# Galveston Wade



## troutsupport (May 22, 2006)

Snuck in before the front hit to check a big trout spot. As you can see it was hot and I couldn't even put on a wading jacket when we did get out to wade. Bait hasn't left the bay and we need a couple more hard north tide droppers to get the shrimp out. Caught this guy and a handfull of keeper trout on Litl Johns in Golden Bream on 1/8th oz. and One Knockers in bone. That's how it goes trophy hunting sometimes, one minute its an 8lber.. and sometimes it's a couple keepers is all. Was great to get out and wade the mud and shell and there was plenty of mullet in the area... won't be long. Until then keep following the schools and hammering the flounder guys. Good luck.

For those of you that want to catch more redfish this winter... and have a chance at a lifetime trout... look into getting the Big Trout DVD for Christmas. We frequently catch many redfish fishing in the same areas as our Big Trout producers. Don't take my word for it, just ask a fellow 2cooler or see any of the testimonials on the board or on the site.

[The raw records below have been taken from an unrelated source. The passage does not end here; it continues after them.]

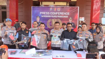PROBOLINGGO,- Satreskrim Polres Probolinggo Polda Jatim berhasil mengungkap 8 kasus 3C (Curas, Curat, Curanmor), dalam kurun waktu Juli 2025. Dari pengungkapan ini, petugas mengamankan Sembilan orang tersangka. Diantaranya, AH (39),…
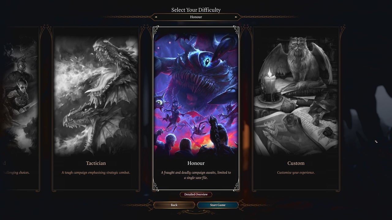 Spelers kunnen hun voortgang ook niet opslaan in Honour Mode. Wie sterft, krijgt statistieken van diens reis te zien. Vervolgens kun je wel verdergaan met de game in een andere moeilijkheidsgraad. Wie de modus succesvol weet te voltooien, krijgt The Golden D20-dobbelsteen als beloning.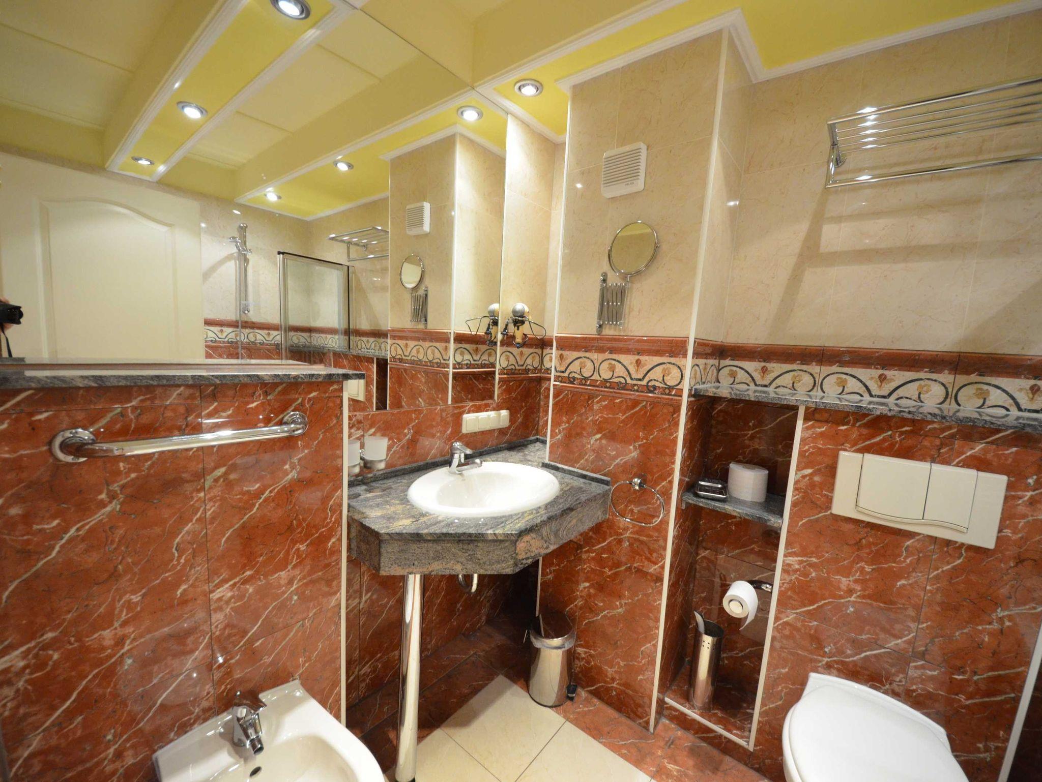 Bad mit Dusche aus Naturstein / Granit, große Spiegel, beheizbarer Handtuchhalter, Fön und Schminkspiegel

http://www.troutsupport.com


----------



## Sgrem (Oct 5, 2005)

Great fish man!
Always excellent guidance.


----------



## Olliver (Oct 24, 2016)

Nice pictures.


----------



## troutsupport (May 22, 2006)

Thanks brotha!!!


----------



## My Coast Outdoors (May 23, 2016)

Thanks for the report, and nice red!


----------



## My Coast Outdoors (May 23, 2016)

*My Saturday Plans*

Since rain is in the forecast, I plan to watch Speckled Trout Intensive Training, Finding & Catching BIG Speckled Trout (AGAIN), while I try to figure out what is wrong with a few of my reels.


----------



## troutsupport (May 22, 2006)

There ya go, never hurts to do a good tear down and re-lube while the weather is like this.


----------



## beerdruid (Jun 12, 2015)

Got all the videos on my Christmas list. Told my wife that's all I want. She thinks I',m crazy. lol. But I expect they will be under the tree come Christmas morning. 

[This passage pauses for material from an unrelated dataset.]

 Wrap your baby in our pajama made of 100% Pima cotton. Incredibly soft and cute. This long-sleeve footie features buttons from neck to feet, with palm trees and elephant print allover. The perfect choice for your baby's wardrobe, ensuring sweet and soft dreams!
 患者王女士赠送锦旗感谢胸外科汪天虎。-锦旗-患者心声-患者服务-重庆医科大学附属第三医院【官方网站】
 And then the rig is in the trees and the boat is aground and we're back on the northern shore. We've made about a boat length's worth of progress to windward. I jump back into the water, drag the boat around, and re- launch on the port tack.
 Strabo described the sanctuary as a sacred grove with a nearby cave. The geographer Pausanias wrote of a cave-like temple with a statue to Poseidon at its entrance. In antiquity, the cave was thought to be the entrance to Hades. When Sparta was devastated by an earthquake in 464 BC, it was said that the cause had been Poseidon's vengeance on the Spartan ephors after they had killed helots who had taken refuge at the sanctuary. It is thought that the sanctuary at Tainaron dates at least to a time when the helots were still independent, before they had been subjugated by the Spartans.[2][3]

Looking forward to watching them!


----------



## blackmagic (May 13, 2011)

Nice red T


----------



## troutsupport (May 22, 2006)

beerdruid said:


> Got all the videos on my Christmas list. Told my wife that's all I want. She thinks I',m crazy. lol. But I expect they will be under the tree come Christmas morning.
> 
> Looking forward to watching them!


You are a smart man BeerDruid. Good work. We'll keep up with shipping pretty tightly to get them there fast. As it get's closer to Christmas Day we also start upgrading the shipments to Priority to make sure they get there by Christmas Eve... we do that just because we luv our customers.

Holla after you watch them and be ready to take notes. These aren't normal fishing watching... this is college for anglers. 
t



BlackMagic said:


> Nice red T


Thanks Black Magic!! You da Man Bro!
t


----------